Opinion
May 6, 1986
Appeal from the Supreme Court, New York County (Elliott Wilk, J.).
Plaintiff diamond dealer stored valuable goods in a safe-deposit box it leased in a vault owned by defendant Midtown Vault Corp. In this action plaintiff seeks to recover damages for the loss of valuable goods from this box, several days after it first rented it. The second cause of action alleges that the loss was caused by the gross negligence of Midtown in that Midtown employed one Abraham Ticknor as a security guard even though it had actual notice that Ticknor had allegedly misappropriated goods of others from the vault.
Defendant was granted summary judgment dismissing this cause of action on the basis of an exculpatory clause in plaintiff's vault box rental contract which provides that the lessee releases Midtown from any claims of loss arising out of ordinary negligence.
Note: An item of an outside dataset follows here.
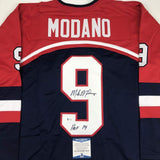 Autographed/Signed Mike Modano HOF 2014 United States USA Blue Hockey Jersey Beckett BAS COA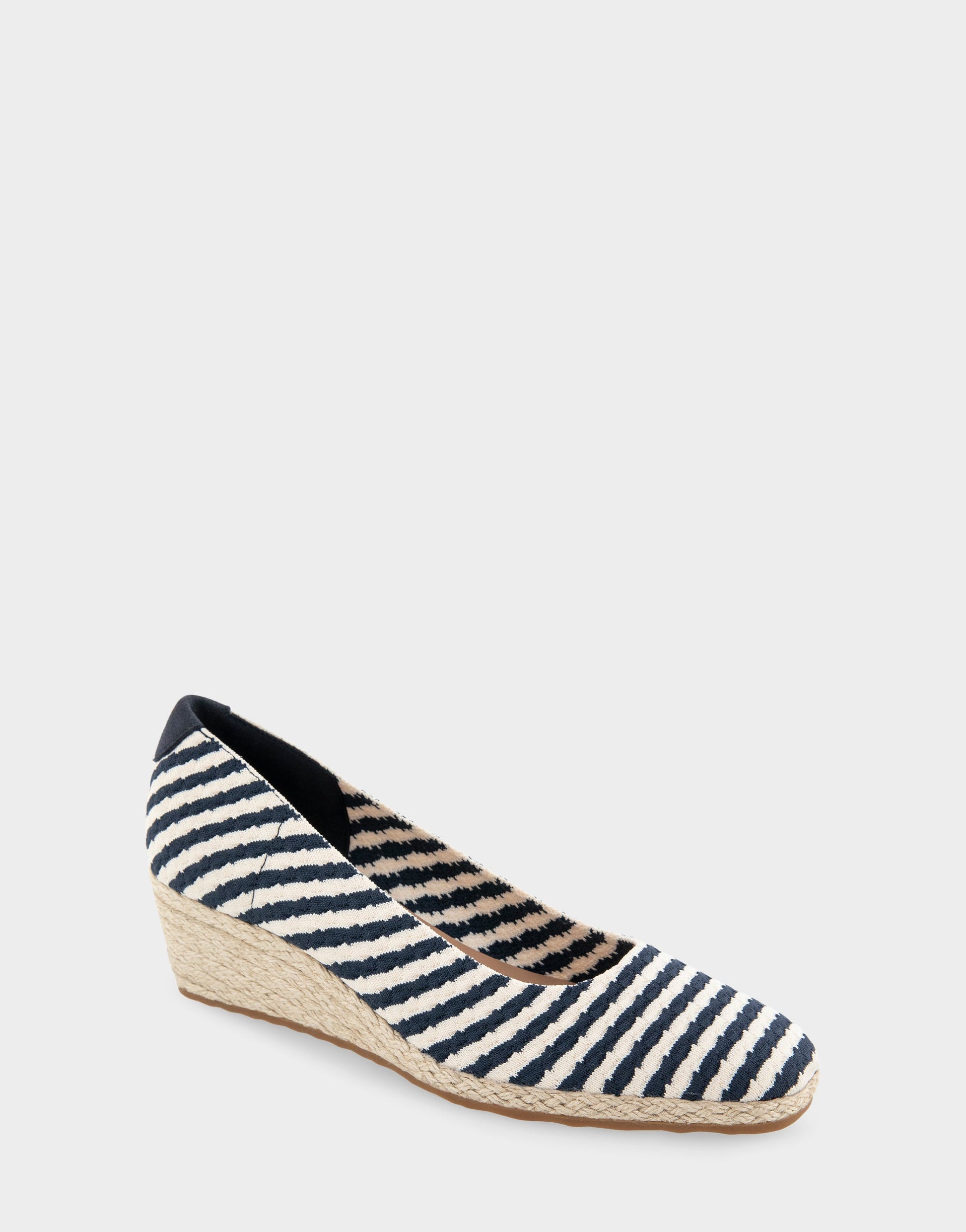 The Roma Wedge Espadrille Pump combines elegance and comfort. With a low wedge design and step-in construction, it features a Diamond Flex Outsole for enhanced traction and an OrthoLite foam insole for superior cushioning. Perfect for all-day wear, this pump offers both style and support.

While such exculpatory clauses are enforceable, they are subject to strict judicial scrutiny. The clause is valid only to the extent that it releases defendant from liability for ordinary negligence, according to its terms, and the courts will not enforce an agreement to the extent that it purports to grant an exemption from liability for willful or grossly negligent acts. (Gross v Sweet, 49 N.Y.2d 102, 106; see also, Kalisch-Jarcho, Inc. v City of New York, 58 N.Y.2d 377, 384-385; Graphic Scanning Corp. v Citibank, 116 A.D.2d 22.)
Inasmuch as plaintiff alleges that Midtown's continued employment of Ticknor as a security guard in charge of the vault in light of its knowledge of his alleged prior conversions would constitute conduct so reckless as to be deemed "gross negligence", the exculpatory clause is inoperative and summary judgment should have been denied.
We have examined the other points raised on this appeal and cross appeal and find them without merit.
Concur — Kupferman, J.P., Sullivan, Lynch, Rosenberger and Ellerin, JJ.